Whenever you see UK label XL Recordings attached to an album, you tend to prick your ears up. It only releases six albums a year on average, but with the likes of King Krule, The xx and Dizzee Rascal under its wing, XL has a heavy hand on the British scene. Its latest project, garage-soul group, Jungle, is a chip straight off the London block.
With an unmistakably UK sound, reminiscent of the early ’80s, the album performs a delicate ballet between quotation and originality. The opening tracks, The Heat, Accelerate and Busy Earnin’, showcase a tapestry of synths, held together by tight-knit progressions and a falsetto that sets the sonic palette for the album. Busy Earnin’ blasts you with a dazzling splay of horns, all fanfare and Don Cheadle braggadocio. It’s exhilarating, but nothing new.

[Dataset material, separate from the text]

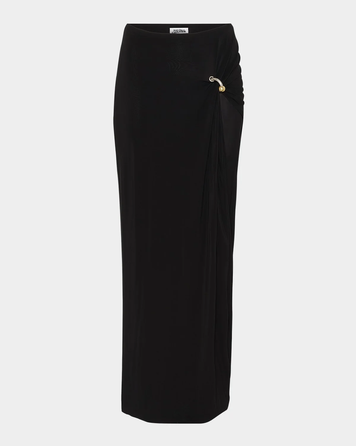 - Jean Paul Gaultier draped stretch viscose skirt embellished with a signature two-tone piercing detail - High waist - Skirt falls straight from hip to hem - Full length - Hidden closure - Viscose/elastane - Made in Portugal

It’s what happens after the hefty openers that exposes Jungle’s true ability: the album moves with cinematic propulsion through a kaleidoscope of musical ideas and influences, everything from Jamiroquai to Seattle grunge. Cuts such as Smoking Pixels and Crumbler are rich and complex, miles away from the roller disco beginnings.
    Jungle is an easy and well-constructed album that explores a healthy blend of synth and soul to the full. Keep it in your back pocket for summer.